Figure 4 ENO1 is expressed on the invadopodial surface of CSCs. (A) Confocal views of PAC CSCs (represented by CD44+CD133+ PC-3 cells) showing the cross-section of invadopodia structures (represented by cortactin+F-acin+ puncta) with the colocalized surface ENO1 (sENO1; green), cortactin (red), and F-actin (magenta) that penetrate into the underlying gelatin matrix. Nuclei were counterstained with 4’,6-diamidino-2-phenylindole (DAPI; blue). Scale, 10 µm. (B) Top, a pie chart showing the percentage of sENO1+ invadopodia per PC-3 CSC. Bottom, a pie chart showing the percentage of sENO1+ invadopodia per GAC AGS CSC (represented by CD90+ AGS cells). (C) Left, representative three-dimensional (3D) reconstructed confocal image of CD44+CD133+ PC-3 CSCs showing the co-localization of sENO1 (green) and cortactin (red) at the ventral side of cell. Scale, 8 µm. Right upper, digital zoom-in image from serial Z sections (yellow rectangle) showing the spatial colocalization of sENO1 (green) and cortactin (red) at invadopodia. Scale, 5 µm. Right lower, the orthogonal view of the magnified areas (yellow squares at top) shown the distribution and localization of sENO1 and cortactin at the base of invadopodia. 3D rendered images of the invadopodia (arrows) were processed by using Imaris software. Scale, 1 µm.
Next, to substantiate the above findings, we sorted the three subpopulations of PAC PC-3 cells based on their expression pattern of sENO1 and the CSC markers CD44, and CD133 and induced the invadopodia formation. Remarkably, sENO1+ CSCs generated considerably more invadopodia than their sENO1- counterparts or other cells (Figures 5A, B). To confirm these imaging analyses, we isolated the invadopodial protein from cells using a previously established fractionation protocol (41, 52). We fractionated PC-3 CSCs seeded on the gelatin matrix into the invadopodia fraction and the cell body fraction and probed the expression of ENO1 using immunoblotting analysis. Since the anti-ENO1 antibody does not distinguish between cytosolic ENO1 and sENO1, we found that the majority of the protein was expressed in the cell body and only a small amount of the protein was detected in the invadopodial lysate of CSCs. Notably and importantly, we could barely detect any ENO1 protein in the invadopodial lysate of non-CSCs (Figure 5C), affirming that sENO1 is a CSC-specific invadopodia marker.

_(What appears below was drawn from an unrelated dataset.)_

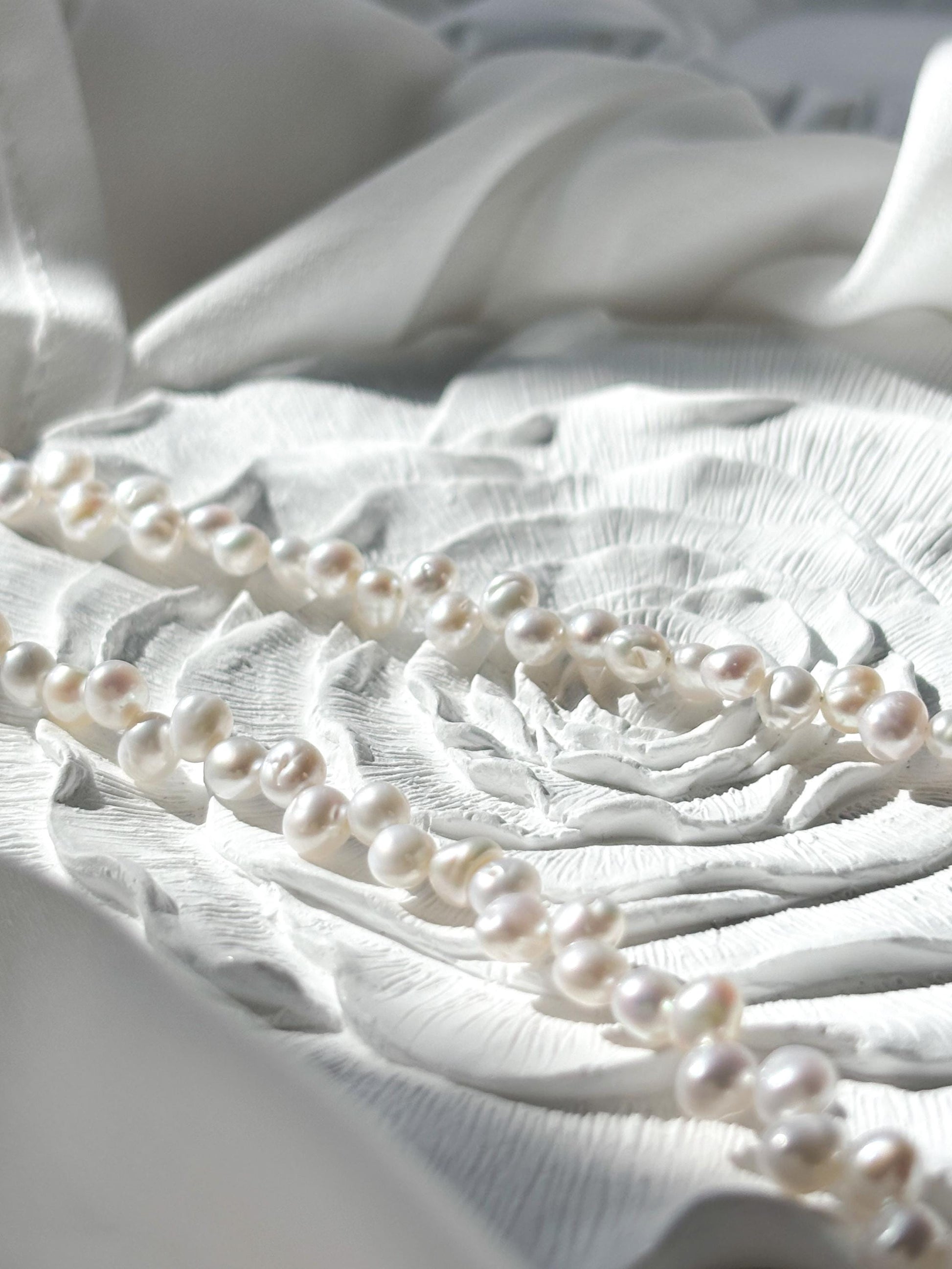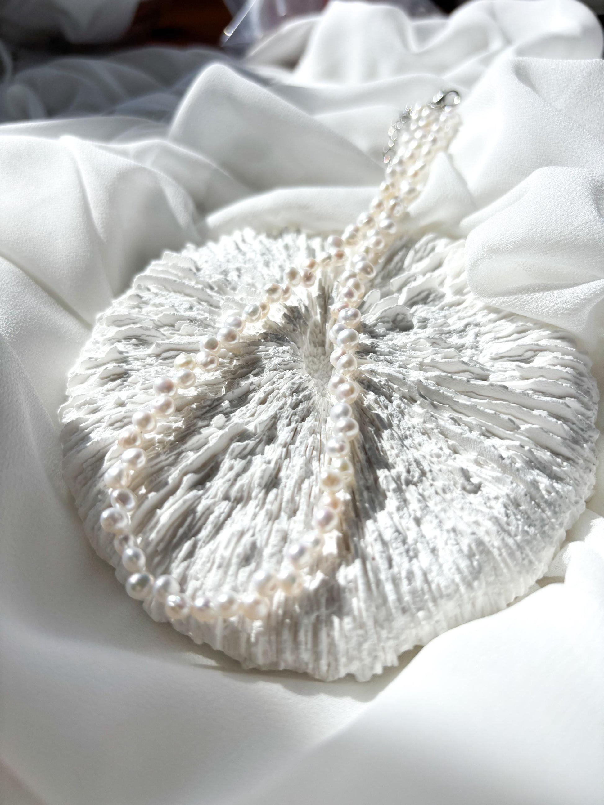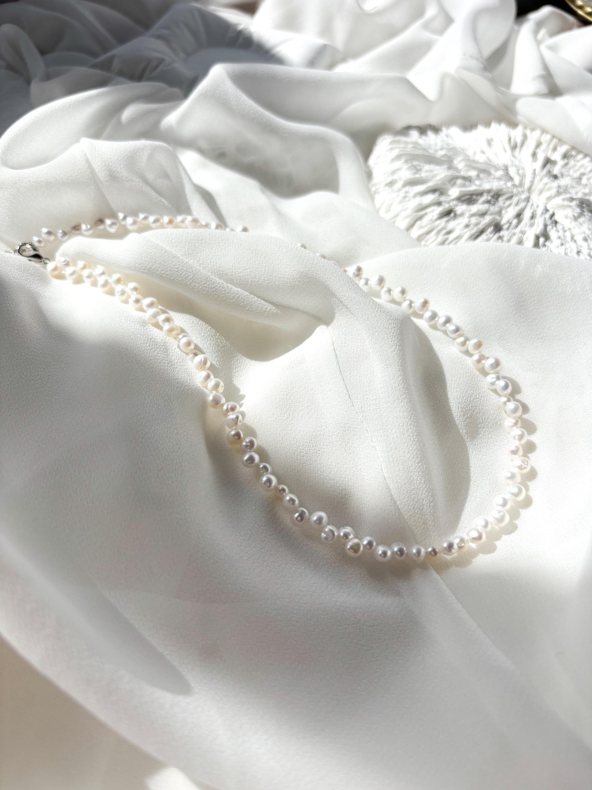 Snow Petal – Staggered White Freshwater Pearl Necklace

Figure 5 sENO1+ CSCs generate more invadopodia than their sENO1- counterparts. (A) Confocal views of sENO1+ PC-3 CSCs (represented by CD44+CD133+ cells), sENO1- CSCs, and non-CSCs (represented by cells in the other subpopulations) showing invadopodia (yellow puncta) with the colocalized cortactin (green) and F-actin (red) that penetrate the underlying gelatin matrix. Nuclei were counterstained with 4’,6-diamidino-2-phenylindole (DAPI; blue). Scale, 10 µm. (B) Quantification of the invadopodia density per cell in (A). Error bars represent mean ± SEM from three independent experiments (n = 50 cells counted per sample). Unpaired t-test was performed where *p < 0.05, ***p < 0.001. (C) Representative immunoblots of ENO1, cortactin, and F-actin in the cell body (left) and the invadopodial (right) protein lysates fractionated from CD44+CD133+ PC-3 CSCs seeded on gelatin for 6 hours. Protein levels were quantified by densitometric analysis of the bands, normalized to β-actin (loading control).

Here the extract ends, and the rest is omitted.